* **Exercise directions**
Only the lines below from the one that contains "Podczas Mszy Świętej" through the one that contains "党委副书记兼纪委书记朱峰为同" should appear in your answer, exact and without pictures.

* **Records**
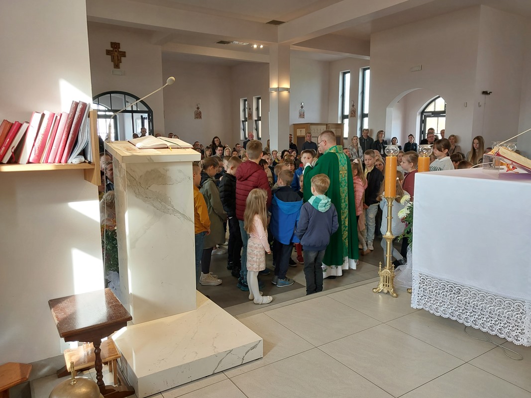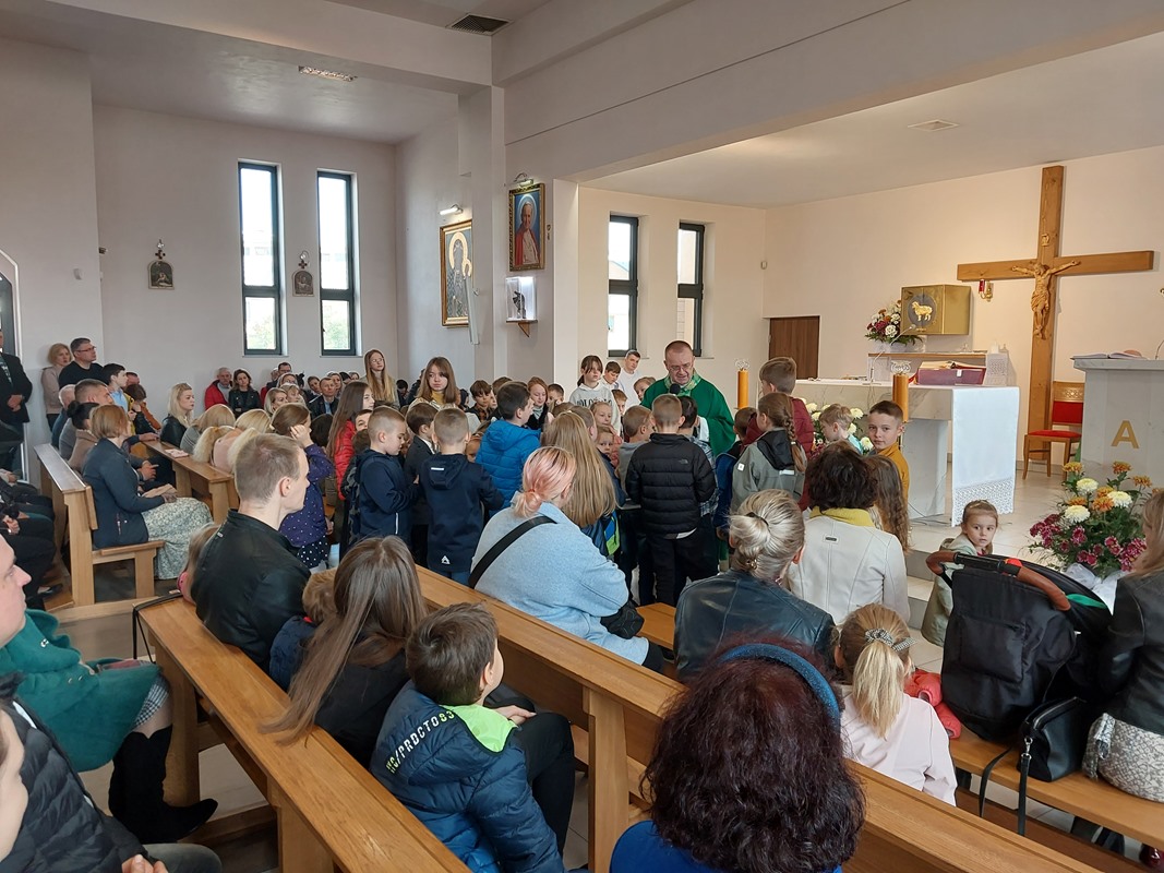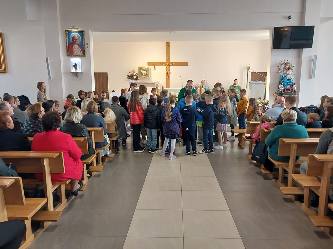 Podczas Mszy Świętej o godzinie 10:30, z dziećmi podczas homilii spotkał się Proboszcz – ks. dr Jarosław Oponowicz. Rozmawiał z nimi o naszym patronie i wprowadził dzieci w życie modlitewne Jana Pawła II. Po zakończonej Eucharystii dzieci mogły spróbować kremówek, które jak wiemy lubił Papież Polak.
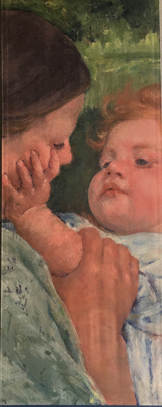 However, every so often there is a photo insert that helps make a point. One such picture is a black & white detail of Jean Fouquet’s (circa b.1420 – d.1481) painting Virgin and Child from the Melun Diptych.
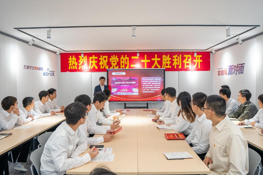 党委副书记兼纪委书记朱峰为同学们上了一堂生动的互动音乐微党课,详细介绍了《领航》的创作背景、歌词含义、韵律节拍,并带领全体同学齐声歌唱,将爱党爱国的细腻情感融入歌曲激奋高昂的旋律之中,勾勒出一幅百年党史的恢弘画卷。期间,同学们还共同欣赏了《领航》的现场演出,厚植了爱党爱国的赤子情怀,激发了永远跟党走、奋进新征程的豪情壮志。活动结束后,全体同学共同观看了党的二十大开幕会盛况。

* * *

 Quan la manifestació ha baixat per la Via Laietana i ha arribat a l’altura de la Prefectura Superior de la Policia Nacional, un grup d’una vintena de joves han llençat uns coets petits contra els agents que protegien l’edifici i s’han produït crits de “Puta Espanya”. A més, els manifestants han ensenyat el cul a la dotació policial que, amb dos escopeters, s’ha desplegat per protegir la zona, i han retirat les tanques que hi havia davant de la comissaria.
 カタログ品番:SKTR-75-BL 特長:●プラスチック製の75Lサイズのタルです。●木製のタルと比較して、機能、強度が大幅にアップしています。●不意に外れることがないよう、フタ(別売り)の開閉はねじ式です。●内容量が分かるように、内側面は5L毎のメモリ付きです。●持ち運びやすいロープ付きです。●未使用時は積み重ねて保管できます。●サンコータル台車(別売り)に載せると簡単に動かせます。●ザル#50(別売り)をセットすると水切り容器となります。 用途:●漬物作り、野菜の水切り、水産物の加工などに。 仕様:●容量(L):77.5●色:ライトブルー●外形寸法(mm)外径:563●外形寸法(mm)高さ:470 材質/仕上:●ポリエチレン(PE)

* **Solution to this exercise**
 Podczas Mszy Świętej o godzinie 10:30, z dziećmi podczas homilii spotkał się Proboszcz – ks. dr Jarosław Oponowicz. Rozmawiał z nimi o naszym patronie i wprowadził dzieci w życie modlitewne Jana Pawła II. Po zakończonej Eucharystii dzieci mogły spróbować kremówek, które jak wiemy lubił Papież Polak.
 However, every so often there is a photo insert that helps make a point. One such picture is a black & white detail of Jean Fouquet’s (circa b.1420 – d.1481) painting Virgin and Child from the Melun Diptych.
 党委副书记兼纪委书记朱峰为同学们上了一堂生动的互动音乐微党课,详细介绍了《领航》的创作背景、歌词含义、韵律节拍,并带领全体同学齐声歌唱,将爱党爱国的细腻情感融入歌曲激奋高昂的旋律之中,勾勒出一幅百年党史的恢弘画卷。期间,同学们还共同欣赏了《领航》的现场演出,厚植了爱党爱国的赤子情怀,激发了永远跟党走、奋进新征程的豪情壮志。活动结束后,全体同学共同观看了党的二十大开幕会盛况。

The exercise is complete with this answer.